2022-02-13 00:59:59 Local7.Notice 192.168.40.1 date=2022-02-13 time=00:59:59 devname="NoHouse" devid="FG100ETK18006624" eventtime=1644706798637882880 tz="+0200" logid="0000000013" type="traffic" subtype="forward" level="notice" vd="root" srcip=192.168.41.200 srcport=58492 srcintf="port1" srcintfrole="undefined" dstip=216.239.36.55 dstport=443 dstintf="wan1" dstintfrole="undefined" srccountry="Reserved" dstcountry="United States" sessionid=137088638 proto=6 action="client-rst" policyid=5 policytype="policy" poluuid="c2a960c4-ac1b-51e6-8011-6f00cb1fddf2" policyname="All LAN over WAN1" service="HTTPS" trandisp="snat" transip=196.213.203.122 transport=58492 appcat="unknown" applist="block-p2p" duration=6 sentbyte=3222 rcvdbyte=1635 sentpkt=14 rcvdpkt=8 srchwvendor="Microsoft" devtype="Computer" osname="Debian" mastersrcmac="00:15:5d:29:b4:06" srcmac="00:15:5d:29:b4:06" srcserver=0
2022-02-13 00:59:59 Local7.Notice 192.168.40.1 date=2022-02-13 time=00:59:59 devname="NoHouse" devid="FG100ETK18006624" eventtime=1644706798657887422 tz="+0200" logid="0000000013" type="traffic" subtype="forward" level="notice" vd="root" srcip=192.168.41.200 srcport=58496 srcintf="port1" srcintfrole="undefined" dstip=216.239.36.55 dstport=443 dstintf="wan1" dstintfrole="undefined" srccountry="Reserved" dstcountry="United States" sessionid=137088640 proto=6 action="client-rst" policyid=5 policytype="policy" poluuid="c2a960c4-ac1b-51e6-8011-6f00cb1fddf2" policyname="All LAN over WAN1" service="HTTPS" trandisp="snat" transip=196.213.203.122 transport=58496 appcat="unknown" applist="block-p2p" duration=6 sentbyte=3410 rcvdbyte=1791 sentpkt=19 rcvdpkt=11 srchwvendor="Microsoft" devtype="Computer" osname="Debian" mastersrcmac="00:15:5d:29:b4:06" srcmac="00:15:5d:29:b4:06" srcserver=0
2022-02-13 00:59:59 Local7.Notice 192.168.40.1 date=2022-02-13 time=00:59:59 devname="NoHouse" devid="FG100ETK18006624" eventtime=1644706798670487613 tz="+0200" logid="0001000014" type="traffic" subtype="local" level="notice" vd="root" srcip=192.168.41.180 srcname="GKHYPERV01" srcport=138 srcintf="port1" srcintfrole="undefined" dstip=192.168.41.255 dstport=138 dstintf="root" dstintfrole="undefined" srccountry="Reserved" dstcountry="Reserved" sessionid=137088708 proto=17 action="deny" policyid=0 policytype="local-in-policy" service="udp/138" trandisp="noop" app="netbios forward" duration=0 sentbyte=0 rcvdbyte=0 sentpkt=0 rcvdpkt=0 appcat="unscanned" srchwvendor="Intel" osname="Windows" srcswversion="10 / 2016" mastersrcmac="a0:36:9f:9b:de:b6" srcmac="a0:36:9f:9b:de:b6" srcserver=0
My strategy for wrangling this data set is as follows.

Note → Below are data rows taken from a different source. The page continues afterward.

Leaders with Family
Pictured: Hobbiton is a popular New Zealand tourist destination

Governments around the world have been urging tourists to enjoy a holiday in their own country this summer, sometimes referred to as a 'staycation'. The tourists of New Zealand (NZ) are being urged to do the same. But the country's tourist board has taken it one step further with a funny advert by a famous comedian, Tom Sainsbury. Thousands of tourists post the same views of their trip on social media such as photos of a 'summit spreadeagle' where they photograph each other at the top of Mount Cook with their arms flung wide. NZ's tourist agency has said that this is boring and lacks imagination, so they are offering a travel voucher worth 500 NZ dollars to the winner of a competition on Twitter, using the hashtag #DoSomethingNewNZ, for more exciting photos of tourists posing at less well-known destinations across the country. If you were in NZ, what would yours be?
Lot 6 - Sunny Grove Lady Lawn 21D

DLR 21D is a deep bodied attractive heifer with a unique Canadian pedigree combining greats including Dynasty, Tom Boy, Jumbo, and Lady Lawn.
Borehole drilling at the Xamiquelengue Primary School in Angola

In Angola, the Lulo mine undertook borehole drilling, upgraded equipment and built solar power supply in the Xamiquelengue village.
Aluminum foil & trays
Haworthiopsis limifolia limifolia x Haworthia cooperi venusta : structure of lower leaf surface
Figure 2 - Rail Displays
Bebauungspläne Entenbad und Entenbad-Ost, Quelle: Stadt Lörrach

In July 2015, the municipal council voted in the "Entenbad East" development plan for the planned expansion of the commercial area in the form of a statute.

- Source the data file from azure data Lake Using a tab-delimited csv data set. This successfully delivers the source data in four columns to my data flow.
- Add a surrogate key transformation to add an incrementing key value to each row of data.

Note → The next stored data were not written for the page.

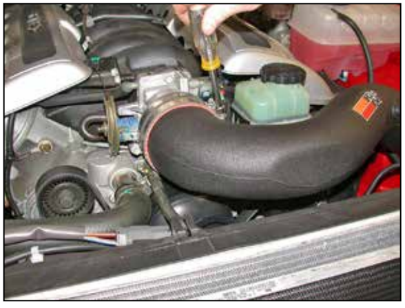
17. Install the K&N<sup>®</sup> intake tube onto the throttle body as shown and secure with the provided hose clamp, using the 8mm bolt provided. Secure the K&N<sup>®</sup> intake tube onto the mounting bracket installed in step #12.
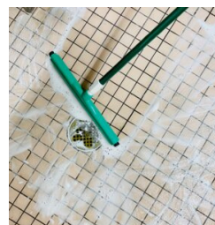
Floor Squeegee with Handle

Cleaning mirrors is a breeze with no bumping, thumping, or streaking
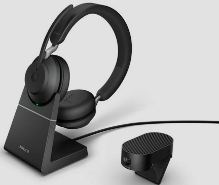
Jabra Evolve2 65 and PanaCast 20 Ideal for flexible collaboration
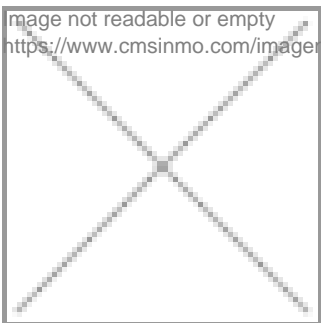
Image not readable or empty https://www.cmsinmo.com/imagenes/uploads/inmu/4/12420/img012420.jpg
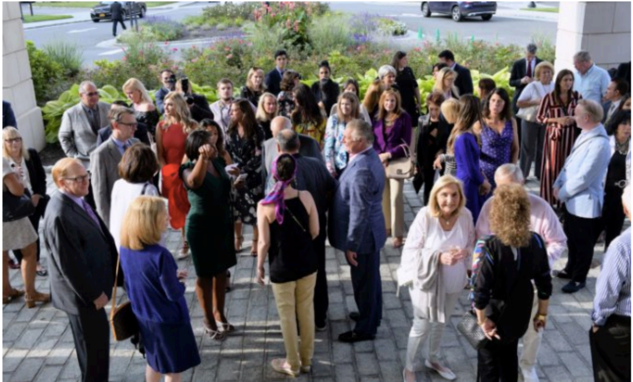
Group photo in front of Clubhouse.
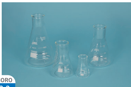
DIMENSIONS - Erlenmeyer
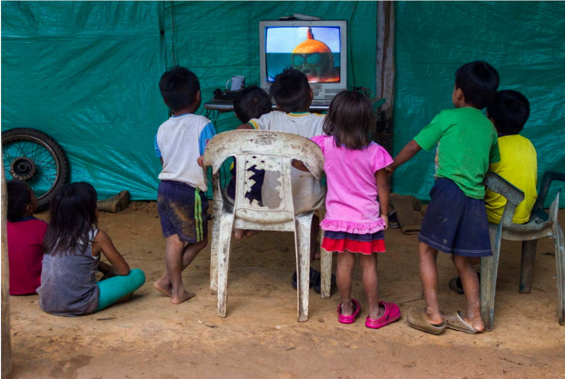
Indigenous children from the El Trompillo community.

In the mid-1990s, when the Guahibo community were still practicing a traditional semi-nomadic life, the 16th Front of the Revolutionary Armed Forces of Colombia (FARC) arrived in San Teodoro, a town neighboring Altagracia, quickly turning it into a key location for drug trafficking.
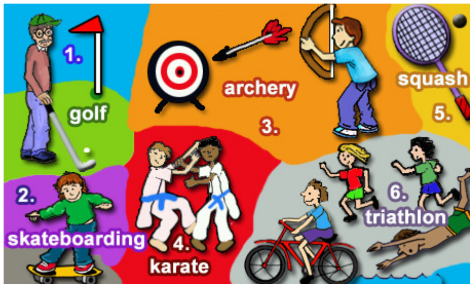
Figure 5: 3MC68.BMP

Question 10 refers to the following graphic
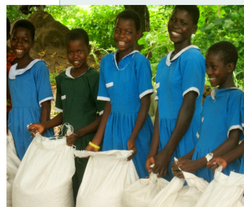
Below: Grateful smiles on the faces of Change Her World girls.
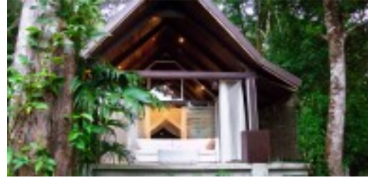
Oxygen Jungle Villas Visit Sale
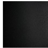
GFM73 goffrato nero
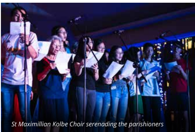
St Maximillian Kolbe Choir serenading the parishioners

- Add a derived column, with the following function.
regexSplit(Column_4, '\s(?=(?:[^"](["])[^"]\1)[^"]$)')
This splits the data by spaces ignoring the spaces between semicolons.

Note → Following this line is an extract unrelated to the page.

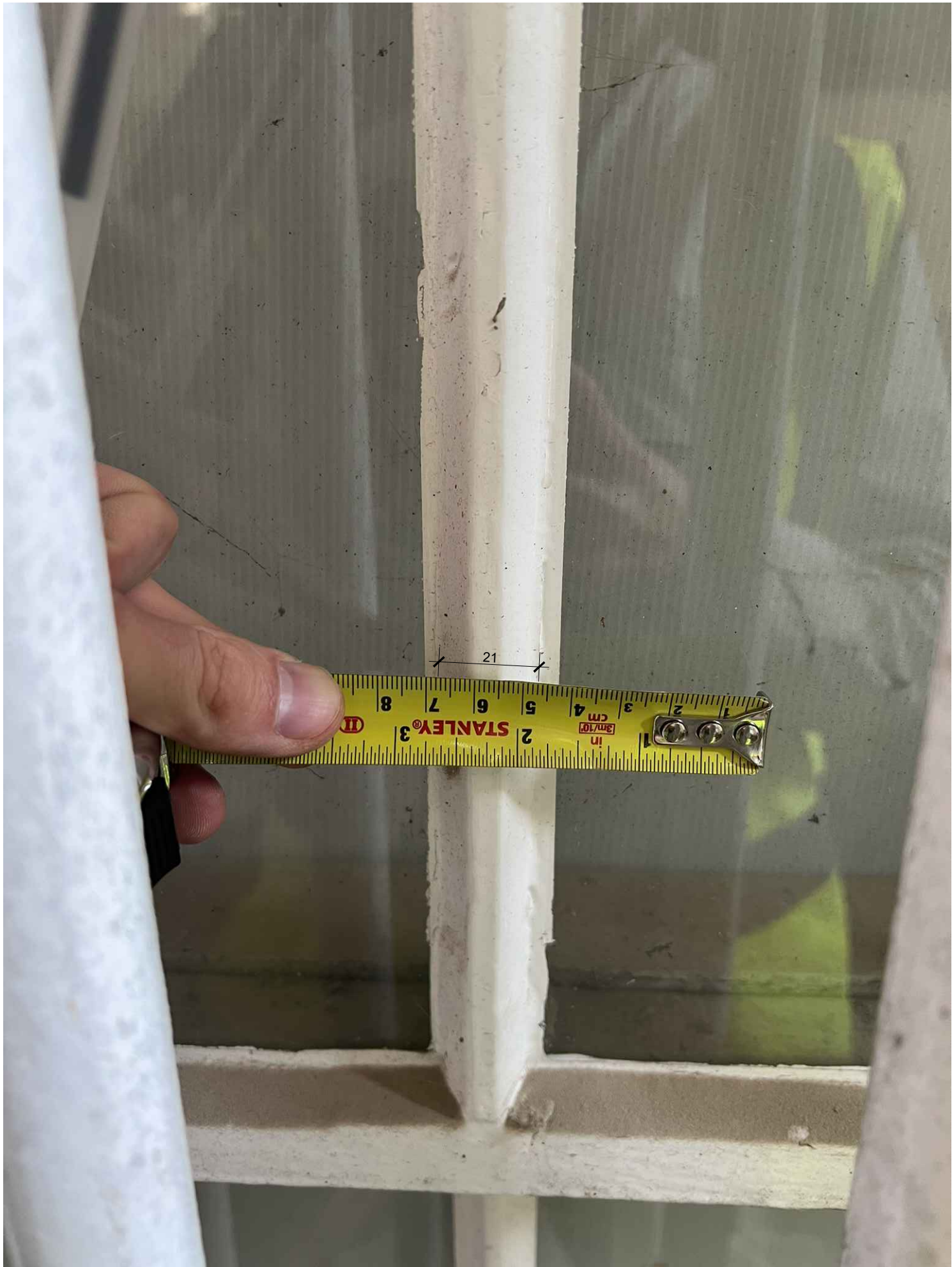
Existing glazing bar to exterior of lower ground floor windows on the front facade

- Then the unfold creates a new record for each item in the array while preserving the other column values.
unfold(SplitBySpace)
- Then split the key-value pairs into their represented value and key by the Delimiter equals.
- The final step would then be to unpivot the data back into columns with the respected values grouped by the surrogate key added in step 2.
This all sounds good but unfortunately step 5 fails with the following error. “Indexing is only allowed on the array and map types”.
The output after step 4.
The unfold function returns an array according to the inspect tab, see below. I would expect a string here!!
Now in step 5, I split by “=” with the expression split(unfoldSplitBySpace, '=') but this errors in the expression builder with the message “Split expect string type of argument”
Changing the expression to split(unfoldSplitBySpace1, '=') remove the error from the expression Builder.
BUT THEN the spark execution engines errors with “Indexing is only allowed on the array and map types”
The problem.
According to the Azure Data Factory UI, the output of the Unfold() function is an array type but when accessing the array elements or any other function the spark engine does not recognise the object as in array type.
Is this a bug in the execution or do I have a problem in my understanding of how the data factory and a spark engine understand arrays?